As you would expect we support any move that switches the focus of providing services away from the activity that takes place to the achievements that result. Effectiveness will always be more important than how busy you look. Having said that we are always concerned when the most important outcomes lose sight of the people using services.

In the realms of outcome measurement there two types of outcome that need to be separated out.

Put simply, they are individual outcomes and system outcomes. Individual outcomes focus on the change that has happened to the person, as a result of accessing a service (or hopefully, integrated group of services). System outcomes focus on the impact of the wider system, as a result of the service being operational.

In designing services sometimes it is easy to forget who the service is designed to benefit. That can be a particular problem when system outcomes dominate. It’s not surprising to see system outcomes become the driving force behind assessing whether or not a service is effective. In the age of the business case the cost savings, in other parts of the system, make the most compelling case for diverting scarce resources. Changes in patterns of use of other services, interpreted as a consequence of a service existing, are easy to measure.

There are numerous examples of system outcomes that have become regularly embedded in contracts and service level agreements but for purposes of illustration I will stick to two of the most topical; reduced A&E attendance and reduced GP appointments. These are all too common outcomes in contracts that often have a tenuous impact on them.

It’s understandable that both have become priorities; these are both significant costs to the system and reductions will free resources to, hopefully, meet need elsewhere. Unfortunately both assume that in addition to helping the system, they also help the individual.

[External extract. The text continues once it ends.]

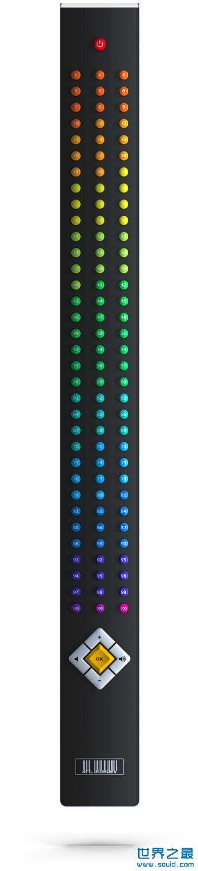 这种遥控器有99个单独的频道按钮,3个额外的按钮让你在原有频道的基础上添加100,200或300个频道。总的来说,使用者最多按两个按钮就可以获得399个频道。当你观看数字较高的频道时,你可以只按三个单独的按钮来节省的时间。有一个事实没有提到,那就是你可以像挥动短棍一样的挥动它来捍卫自己抵御入侵者。但这个该死的东西长20寸。

System outcomes present three major challenges that are often overlooked in service design.

Causality 
There is often no provable link between a service being provided and system outcomes. In the two examples I’ve provided what you are actually measuring is not outcome but activity. In a system where there is an almost limitless amount of need, people will flow through it like water. Much like water, people will try and find the point of least resistance to find the help and support they need.

How people use the system is more indicative of the structure of the system than the changing need. For example both the example system outcomes have a strong relationship with the perception of how accessible A&E and GP appointments are. A perception that GP appointments are hard to get drives traffic to A&E. The perception that there are long waits in A&E drive people away.

This is further confused when system outcomes are as interlinked as my two examples. Ostensibly, people with long term conditions being managed regularly by a GP could prevent A&E attendances.

It is more productive to judge commissioned services on outcomes that demonstrate a line of causality between their actions and health and wellbeing improvement than patterns of service use.

Shift of Emphasis
As the emphasis of contracts shifts towards the metrics of how the system functions then the way that services are delivered also shift to achieve those aims. For example we begin to provide convoluted services that divert people from A&E at the door rather than focussing on those preventative services that can help manage future demand. We focus on measuring the somewhat nebulous concept of whether someone has attended A&E in the last six months, ignoring that the measurement tells us nothing on an individual basis and only hypothesises benefit.

We develop an ever more complicated patchwork of services ignoring that it is that complexity that is driving people to use services “inappropriately” rather than changing the underlying need.

Benefit
Why do we design services? We hope that the main driver is to improve the health and wellbeing of the people that use them. Once we reach the point that the efficiency of the system itself becomes the focus then potential for benefit has been lost.

With my example system outcomes, both are fairly easy to achieve. Aggressive triage of GP appointments and providing inconvenient time windows for making appointments by phone reduce appointments. Stigmatising people who use A&E, as being a burden, reduce attendances. These can be cost saving measures, in the short term, but they can also deter people from seeking timely help and create greater future cost when need becomes critical.

These are extreme illustrations of how activity that isn’t beneficial to the individual can be seen as successful outcomes elsewhere in the system.

It is important for parts of the system to be aware of their own activity in order to manage their own resources. It’s not helpful for that activity to be the driver for other parts of the system that have little influence over them.

Maintaining a focus on the outcomes for individuals means you concentrate on those things that there is evidence for health and wellbeing improvement. In many cases you can use these as proxies for how they might impact the wider system.

For example we know that a reduction in social isolation will decrease the level of contact individuals have with public services. We know this because it is evidence based; reducing the impact on wider services does not need to the main driver behind a contract so reduce social isolation.

The system exists to benefit the individual, not to feed itself.